A decade ago, I walked into an office to interview for my first newsroom internship. Wearing a millennial-core business casual H&M pencil skirt and Steve Madden flats, I handed my résumé — neatly spaced Arial font, carefully considered, and kept crisp in its designated folder — to the editor. Without looking up from her computer, she said, “I don’t read résumés,” and flicked the paper to the floor.

If you’ve ever assumed an automated applicant tracking system has thrown out your résumé, I can tell you it feels just as demoralizing to watch it happen IRL. Today, more hiring managers and recruiters are following that approach. Now that anyone can spin up a buzzword-filled résumé and cover letter in seconds with ChatGPT, doctor a flawless headshot, or cheat a coding test, faked or embellished applications have become indiscernible from quality candidates.
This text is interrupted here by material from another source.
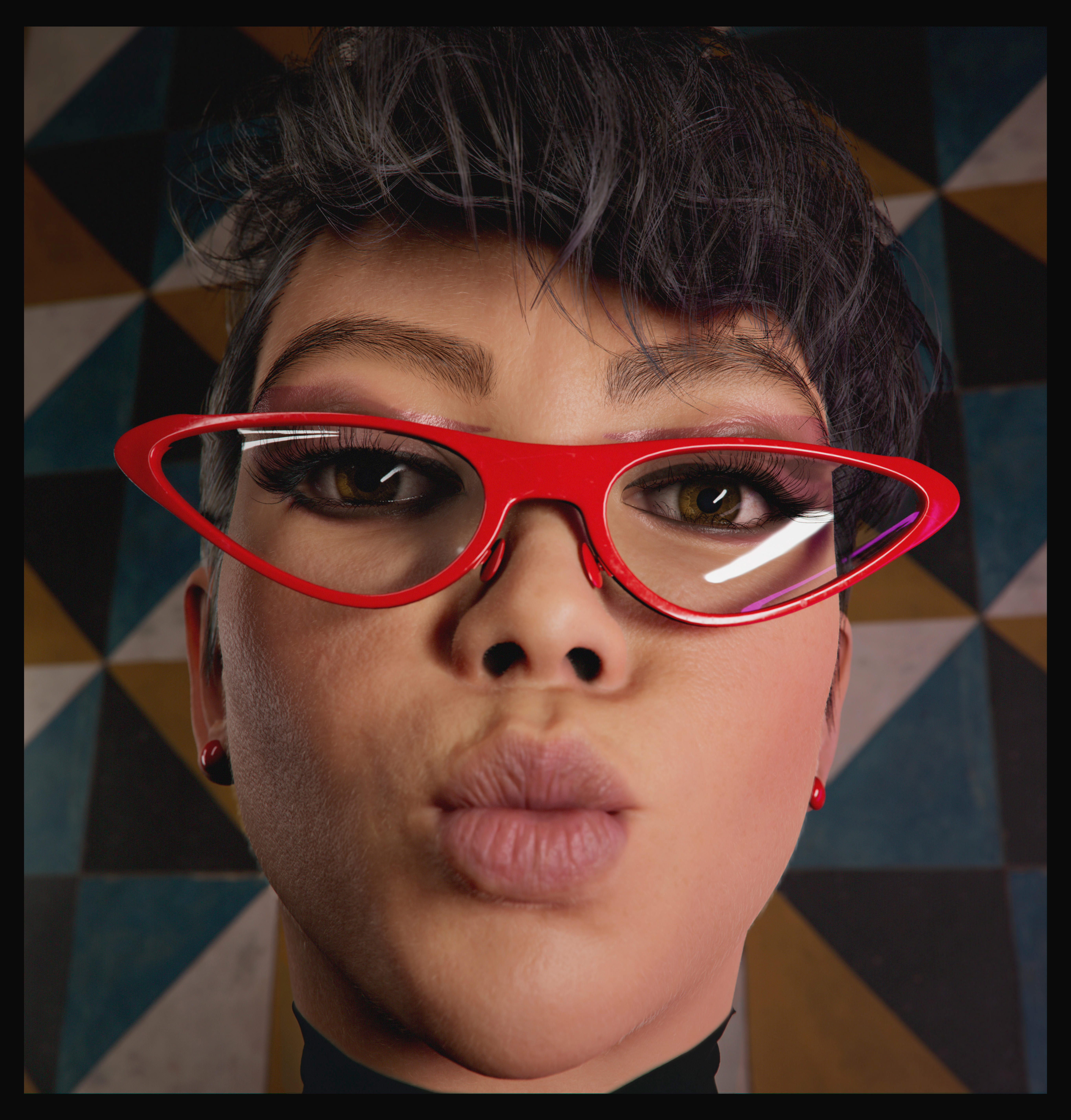 Текстура кожи крупновата, но это мелочи. Эффект резиновый, мертвой долины. Рефракция на очке странная, слишком вывернуто как-то искажение. Но наверное главное-это одежда. Она какая-то слишком однородная, без вмятин выразительных тоже. Как будто модельку залили одним цветом и все. Она еще и поломана в сетке видно. Смуша мало.

The résumé has been relegated.

“Resume not your thing? That’s great, we don’t really read them anyway!” reads a job post for an engineer at Expensify. “While we know you’re awesome, it’s actually really hard and time consuming to find you in the midst of literally hundreds of other applications we get from everyone else.” The post goes on to list five questions applications should answer to be considered. “We don’t require a résumé, and we don’t expect one,” notes a software engineering job at Automattic, which owns WordPress.com and Tumblr.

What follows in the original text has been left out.